In [1]:
# Load the data
import pandas as pd
import networkx as nx
import matplotlib.pyplot as plt
import numpy as np
import numpy.random as npr
from scipy.stats import norm, ks_2samp  # no scipy - comment out
from custom import load_data as cf
from custom import ecdf

%matplotlib inline
%load_ext autoreload
%autoreload 2
%config InlineBackend.figure_format = 'retina'

Introduction

In this notebook, we will walk through a hacker's approach to statistical thinking, as applied to network analysis.

Statistics in a Nutshell

All of statistics can be broken down into two activities:

  • Descriptively summarizing data. (a.k.a. "descriptive statistics")
  • Figuring out whether something happened by random chance. (a.k.a. "inferential statistics")

Descriptive Statistics

  • Centrality measures: mean, median, mode
  • Variance measures: inter-quartile range (IQR), variance and standard deviation

Inferential Statistics

  • Models of Randomness (see below)
  • Hypothesis Testing
  • Fitting Statistical Models

Load Data

Let's load a protein-protein interaction network dataset.

This undirected network contains protein interactions contained in yeast. Research showed that proteins with a high degree were more important for the surivial of the yeast than others. A node represents a protein and an edge represents a metabolic interaction between two proteins. The network contains loops.

In [2]:
# Read in the data.
# Note from above that we have to skip the first two rows, and that there's no header column,and that the edges are
# delimited by spaces in between the nodes. Hence the syntax below:
G = cf.load_propro_network()

Exercise

Compute some basic descriptive statistics about the graph, namely:

  • the number of nodes,
  • the number of edges,
  • the graph density,
  • the distribution of degree centralities in the graph,
In [3]:
# Number of nodes:
len(G.nodes())
Out[3]:
1870
In [4]:
# Number of edges:
len(G.edges())
Out[4]:
2277
In [5]:
# Graph density:
nx.density(G)
Out[5]:
0.0013029931073553016
In [6]:
# Degree centrality distribution:
list(nx.degree_centrality(G).values())[0:5]
Out[6]:
[0.002675227394328518,
 0.003210272873194221,
 0.010700909577314071,
 0.001070090957731407,
 0.002675227394328518]

How are protein-protein networks formed? Are they formed by an Erdos-Renyi process, or something else?
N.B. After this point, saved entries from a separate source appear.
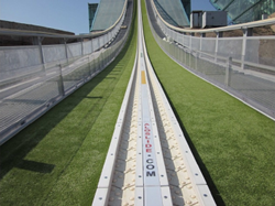 アロースライド・アイスシステムは、ヨーロッパの雪不足によるスキージャンプ競技の延期中止を抑制するために、最先端技術で開発されたスキージャンプ台アプローチレールシステムです。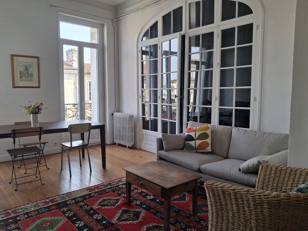 Διαμέρισμα του 18ου αιώνα στην περιοχή Sainte Croix & Saint Michel σε ήσυχη πλατεία. 3 λεπτά από την όχθη του ποταμού, πέντε λεπτά από το τραμ Saint Michel C & D. Θέα στο Hôtel de la Monnaie και στον πύργο Saint Michel. 70 τ.μ. πρόσφατα ανακαινισμένο επιπλωμένο με αντίκες προσφέρει μια σύγχρονη-αυθεντική εμπειρία στο Μπορντό. Πλήρως εξοπλισμένη κουζίνα, μεγάλο σαλόνι και τραπεζαρία, κρεβάτια υψηλής ποιότητας, ευρύχωρο μπάνιο με μπανιέρα και ντους, δωρεάν WiFi, τηλεόραση, Blu-ray και μηχανή εσπρέσο.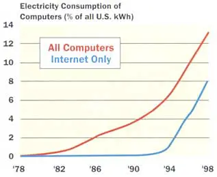 Another example is the report by Matthew Jones [8] on the power demand for London’s data centers. He says, “Internet hotels, sometimes known as ‘telco hotels’, house file servers and other essential information technology hardware for web-based businesses. The trend for increasingly large centers is driven by rising Internet use and companies’ needs to improve the reliability of their sites. The vast data centers, each expected to cover an area of up to 50,000 square meters, will require enough electricity to power two cities the size of Bristol. Much of the energy will be used to power the water coolers needed to avoid overheating of the servers. Silicon Valley in California, the world’s greatest concentration of new economy businesses, is already struggling to cope with the impact of the Internet hotels springing up around San Jose. Last month Pacific Gas and Electric Corp, the region’s largest utility, was forced to cut power at short notice to 97,000 customers to avoid overloading the network. Up to now, London Electricity, the capital’s power distribution company, has been able to cope with the increase in demand. But industry experts warn that private power plants may have to be built to accommodate the scale and speed of Internet hotel construction in the next four years.”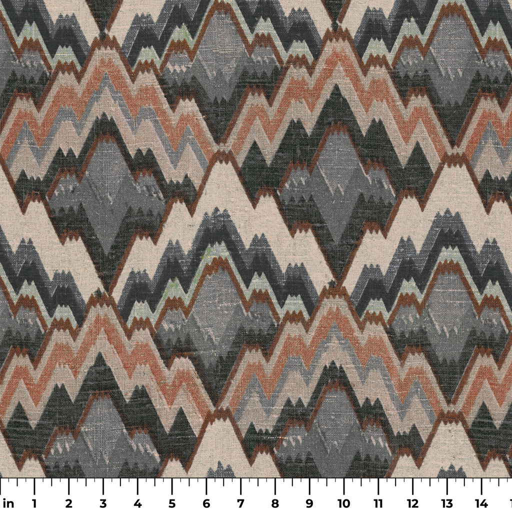 Contemporary geometric zigzag pattern featuring earthy tones of charcoal, beige, and rust, creating a modern tribal look with dynamic chevron motifs perfect for a stylish aesthetic.

In the G(n, p) model, a graph is constructed by connecting nodes randomly. Each edge is included in the graph with probability p independent from every other edge.

If protein-protein networks are formed by an E-R process, then we would expect that properties of the protein-protein graph would look statistically similar to those of an actual E-R graph.

Exercise

Make an ECDF of the degree centralities for the protein-protein interaction graph, and the E-R graph.

  • The construction of an E-R graph requires a value for n and p.
  • A reasonable number for n is the number of nodes in our protein-protein graph.
  • A reasonable value for p might be the density of the protein-protein graph.
In [7]:
ppG_deg_centralities = list(nx.degree_centrality(G).values())
plt.plot(*ecdf(ppG_deg_centralities))

erG = nx.erdos_renyi_graph(n=len(G.nodes()), p=nx.density(G))
erG_deg_centralities = list(nx.degree_centrality(erG).values())
plt.plot(*ecdf(erG_deg_centralities))

plt.show()

From visualizing these two distributions, it is clear that they look very different. How do we quantify this difference, and statistically test whether the protein-protein graph could have arisen under an Erdos-Renyi model?

One thing we might observe is that the variance, that is the "spread" around the mean, differs between the E-R model compared to our data. Therefore, we can compare variance of the data to the distribtion of variances under an E-R model.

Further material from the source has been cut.